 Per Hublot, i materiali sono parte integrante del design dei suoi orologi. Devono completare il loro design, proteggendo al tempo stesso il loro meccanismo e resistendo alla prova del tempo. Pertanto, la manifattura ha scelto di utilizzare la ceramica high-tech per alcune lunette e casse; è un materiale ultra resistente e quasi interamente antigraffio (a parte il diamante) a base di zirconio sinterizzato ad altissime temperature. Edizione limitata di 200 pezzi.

--

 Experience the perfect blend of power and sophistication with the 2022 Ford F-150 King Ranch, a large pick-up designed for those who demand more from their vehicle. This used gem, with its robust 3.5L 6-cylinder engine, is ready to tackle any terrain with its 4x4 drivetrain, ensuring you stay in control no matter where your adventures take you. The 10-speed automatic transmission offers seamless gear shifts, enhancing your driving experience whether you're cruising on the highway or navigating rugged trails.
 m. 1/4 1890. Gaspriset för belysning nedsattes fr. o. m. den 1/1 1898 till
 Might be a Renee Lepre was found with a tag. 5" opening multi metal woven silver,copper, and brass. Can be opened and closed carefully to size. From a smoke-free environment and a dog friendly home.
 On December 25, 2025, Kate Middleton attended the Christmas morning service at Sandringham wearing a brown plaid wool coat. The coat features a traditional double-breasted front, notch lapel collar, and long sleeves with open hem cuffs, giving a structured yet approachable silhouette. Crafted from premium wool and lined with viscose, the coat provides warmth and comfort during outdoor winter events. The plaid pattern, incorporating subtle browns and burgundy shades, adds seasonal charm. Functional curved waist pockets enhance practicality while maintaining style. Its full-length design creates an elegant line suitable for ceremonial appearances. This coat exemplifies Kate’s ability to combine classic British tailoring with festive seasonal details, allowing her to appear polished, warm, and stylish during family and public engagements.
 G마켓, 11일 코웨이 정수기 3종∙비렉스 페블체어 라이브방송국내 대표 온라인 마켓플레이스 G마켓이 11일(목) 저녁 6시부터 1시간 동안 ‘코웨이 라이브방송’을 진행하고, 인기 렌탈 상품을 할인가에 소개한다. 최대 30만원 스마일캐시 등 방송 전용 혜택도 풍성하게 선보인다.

Task requirements
Given the records above, reproduce precisely and only the lines between the line holding "Might be a Renee" and the line holding "G마켓, 11일 코웨이", inclusive.

Exercise response
 Might be a Renee Lepre was found with a tag. 5" opening multi metal woven silver,copper, and brass. Can be opened and closed carefully to size. From a smoke-free environment and a dog friendly home.
 On December 25, 2025, Kate Middleton attended the Christmas morning service at Sandringham wearing a brown plaid wool coat. The coat features a traditional double-breasted front, notch lapel collar, and long sleeves with open hem cuffs, giving a structured yet approachable silhouette. Crafted from premium wool and lined with viscose, the coat provides warmth and comfort during outdoor winter events. The plaid pattern, incorporating subtle browns and burgundy shades, adds seasonal charm. Functional curved waist pockets enhance practicality while maintaining style. Its full-length design creates an elegant line suitable for ceremonial appearances. This coat exemplifies Kate’s ability to combine classic British tailoring with festive seasonal details, allowing her to appear polished, warm, and stylish during family and public engagements.
 G마켓, 11일 코웨이 정수기 3종∙비렉스 페블체어 라이브방송국내 대표 온라인 마켓플레이스 G마켓이 11일(목) 저녁 6시부터 1시간 동안 ‘코웨이 라이브방송’을 진행하고, 인기 렌탈 상품을 할인가에 소개한다. 최대 30만원 스마일캐시 등 방송 전용 혜택도 풍성하게 선보인다.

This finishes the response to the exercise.